R.B. served from 1899 to 1910 as president of the Pittsburgh Reduction Company, renamed the Aluminum Company of America (Alcoa) in 1907, and was heavily invested in the Pittsburgh Coal Company, today part of CONSOL Energy, where he clashed with John L. Lewis and the United Mine Workers. Later, he was instrumental in forming Mellbank Corporation, a bank holding company, which helped the affiliated banks weather the Great Depression.

In 1918, R.B. Mellon organized the Citizens' Committee on City Plan, which sought to improve Pittsburgh through better urban planning and zoning. In honor of his civic efforts, the Air and Waste Management Association recognizes individuals who have made administrative, legislative, and judicial contributions to the field of pollution abatement with the Richard Beatty Mellon Award.

In 1931, R.B. Mellon, along with C.C. Macdonald, assumed control of Idlewild Park in Ligonier, Pennsylvania. He was the founder of the Rolling Rock Club.

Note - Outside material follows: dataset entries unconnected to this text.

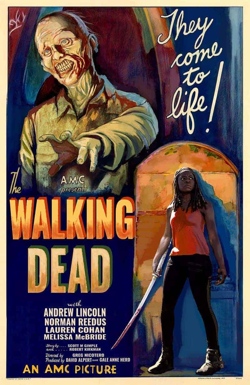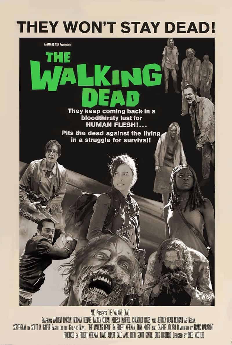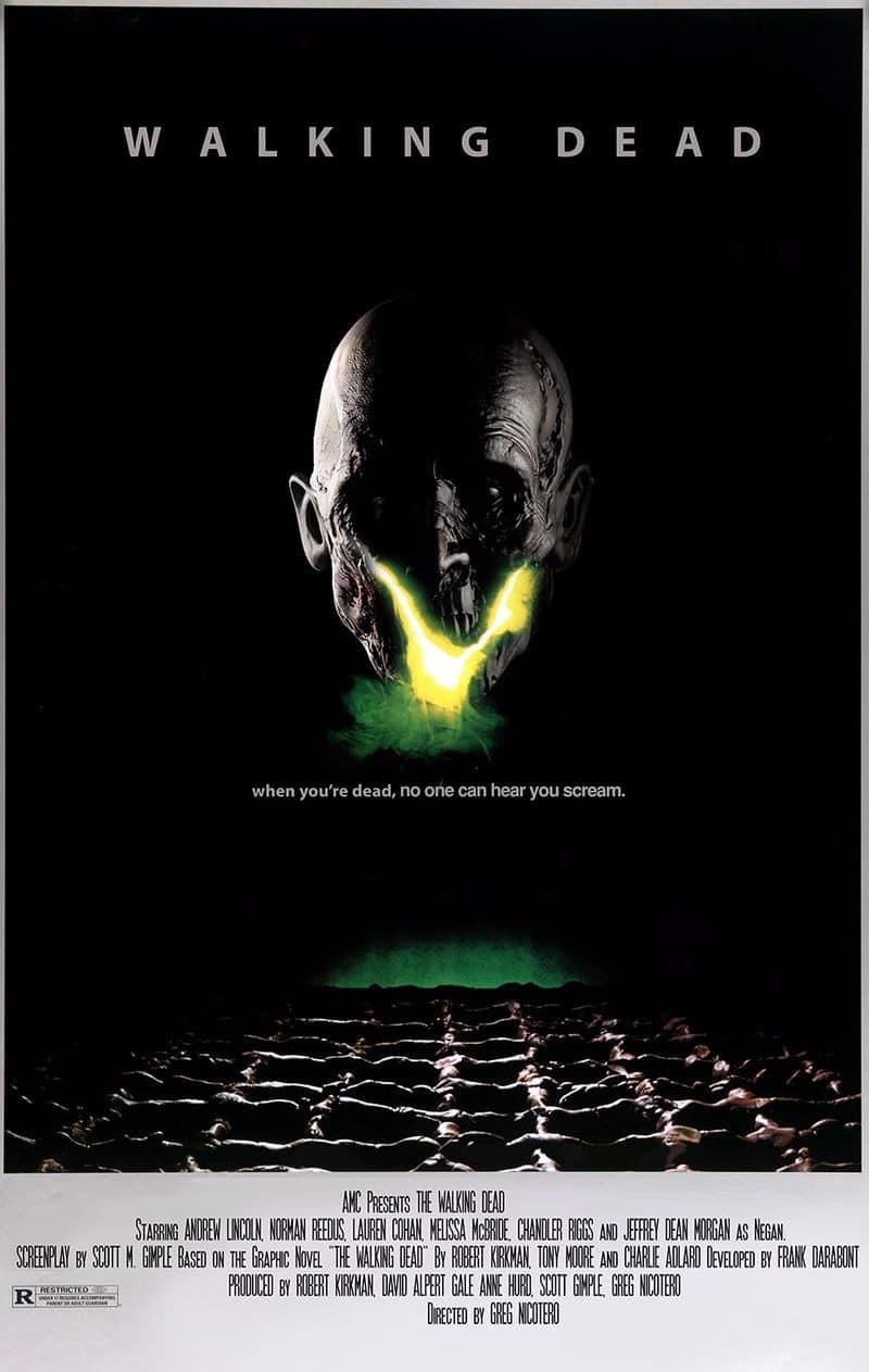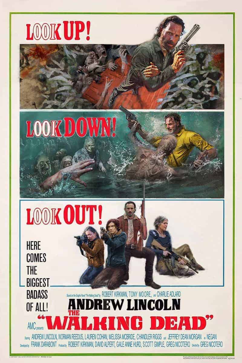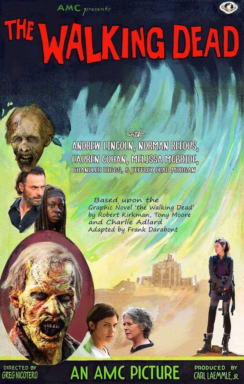 Ich mag klassische Poster, wie man sie in den 50ern bis in die 80er hinein produzierte – ein wenig trashig und auf jeden Fall plakativ. Solche klassischen Movieposter wurden vom Producer, Director und Effects Guy Greg Nicotero zusammen mit seinen Teamkollegen Michael Broom und John Wheaton im Walking Dead Design umgesetzt. Wundervolle Poster. Schön im Style von Indiana Jones bis zu kultigen Horrorfilmen. Greg hat da ganze Arbeit geleistet und auf Instagram veröffentlicht.
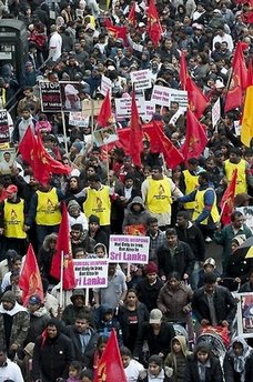 參加示威的主要是居住在英國(guó)的泰米爾人,以及他們的支持者。示威者要求英 國(guó)停止向斯里蘭卡繼續(xù)提供援助。
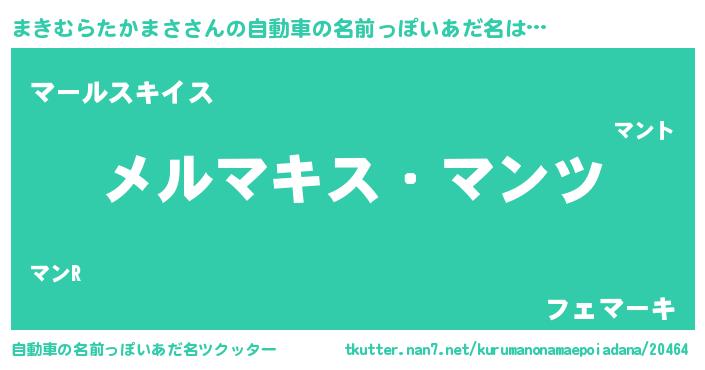 | 意味不明あだ名 | 『自称まきむらたかまさ』 |
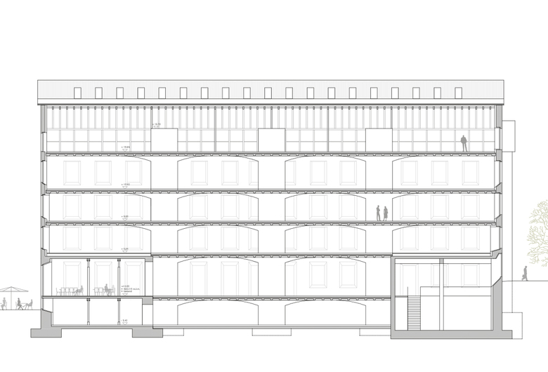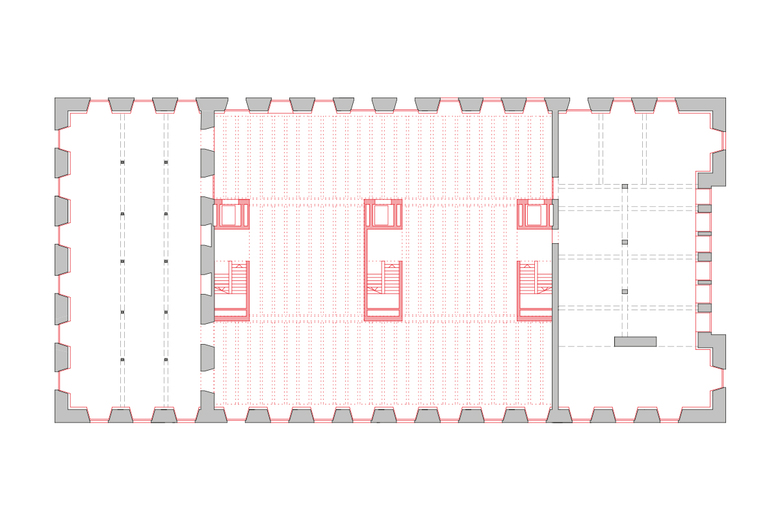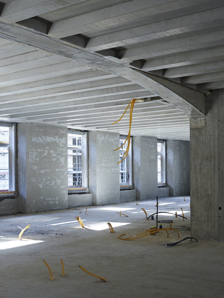 Eine effiziente neue Trag- und Erschliessungstruktur verbindet sich optimal mit dem Bestand und sichert den geforderten Erhalt der denkmalgeschützten Gebäudehülle und eine langfristig flexible Nutzung. Die neue Struktur in Verbindung mit dem Bestand transformiert das historische Bauwerk zu einem neuen kraftvollen Ganzen.

His children, Sarah Mellon and her younger brother Richard King Mellon, were heirs to the family fortune alongside their cousins Paul Mellon and Ailsa Mellon-Bruce.

===Philanthropy===
Mellon's philanthropic gifts were primarily church-oriented. In 1926 he established a $15 million pension fund for Presbyterian ministers. He and his wife, Jennie Taylor King, were the major donors to the Cathedral of Hope, the new home for the East Liberty Presbyterian Church, which they and their parents had attended. He died on December 1, 1933, before the new building was completed. The $13.3 million in taxes paid on his estate enabled the state to meet its payroll.

Richard and his brother, Andrew, also made joint philanthropic gifts, notably several large donations to their alma mater, the University of Pittsburgh, including creation of the Mellon Institute of Industrial Research to honor their father, which is now a part of Carnegie Mellon University.